START Material provided

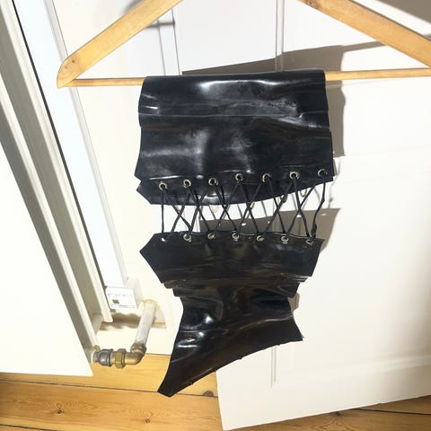 Latex strømper med fløde farve. til fødder og er fremstillet i glat latexmateriale. Egnet til brug, hvor en tæt og vandafvisende beklædning ønskes, fx til fetish- eller kostumebruk. Størrelse M, godt brugte & beskidte & lugtende 😣
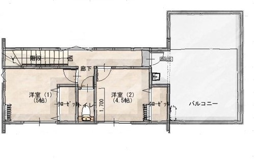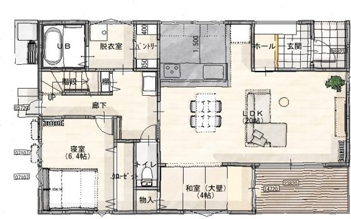 注目していただきたいのは、2Fの大きなルーフバルコニー!シンクも付いており、お子様の水遊びや、BBQなど、セカンドリビングとして楽しめる空間となっております。アイデアの詰まった間取りは、キッチン~パントリー~脱衣室へつながっており、家事ラクに。また、寝室は1Fなので、将来は1Fだけでも生活できる人生設計も楽しめます♪
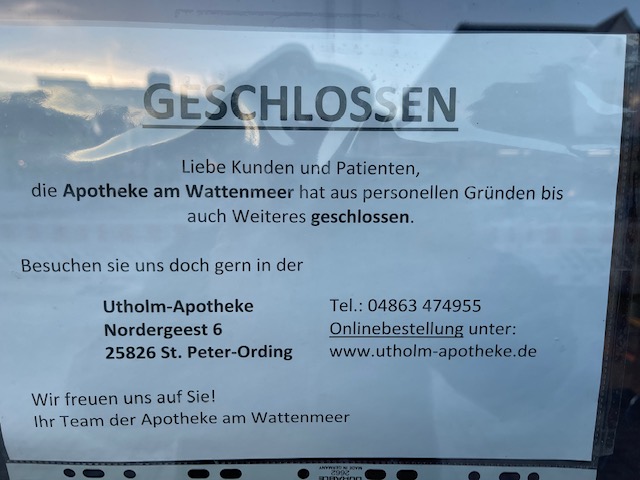 Die Apotheke am Wattenmeer will das Paar aber noch nicht ganz aufgeben. „Wir behalten uns vor, wieder zu eröffnen.“ Die Apotheke sei auf neustem Stand und revisionssicher. Der Mietvertrag laufe noch einige Jahre. Wiedereröffnet werde, wenn sich ein Personalsegen ergebe oder sich die Infrastruktur des Ortes ändere.

END Material provided

Instructions for the task: Everything from the line containing "注目していただきたいのは、2" to the last line of the listing above is to be written out exactly, except the pictures, and nothing else.

Solution to this task:
 注目していただきたいのは、2Fの大きなルーフバルコニー!シンクも付いており、お子様の水遊びや、BBQなど、セカンドリビングとして楽しめる空間となっております。アイデアの詰まった間取りは、キッチン~パントリー~脱衣室へつながっており、家事ラクに。また、寝室は1Fなので、将来は1Fだけでも生活できる人生設計も楽しめます♪
 Die Apotheke am Wattenmeer will das Paar aber noch nicht ganz aufgeben. „Wir behalten uns vor, wieder zu eröffnen.“ Die Apotheke sei auf neustem Stand und revisionssicher. Der Mietvertrag laufe noch einige Jahre. Wiedereröffnet werde, wenn sich ein Personalsegen ergebe oder sich die Infrastruktur des Ortes ändere.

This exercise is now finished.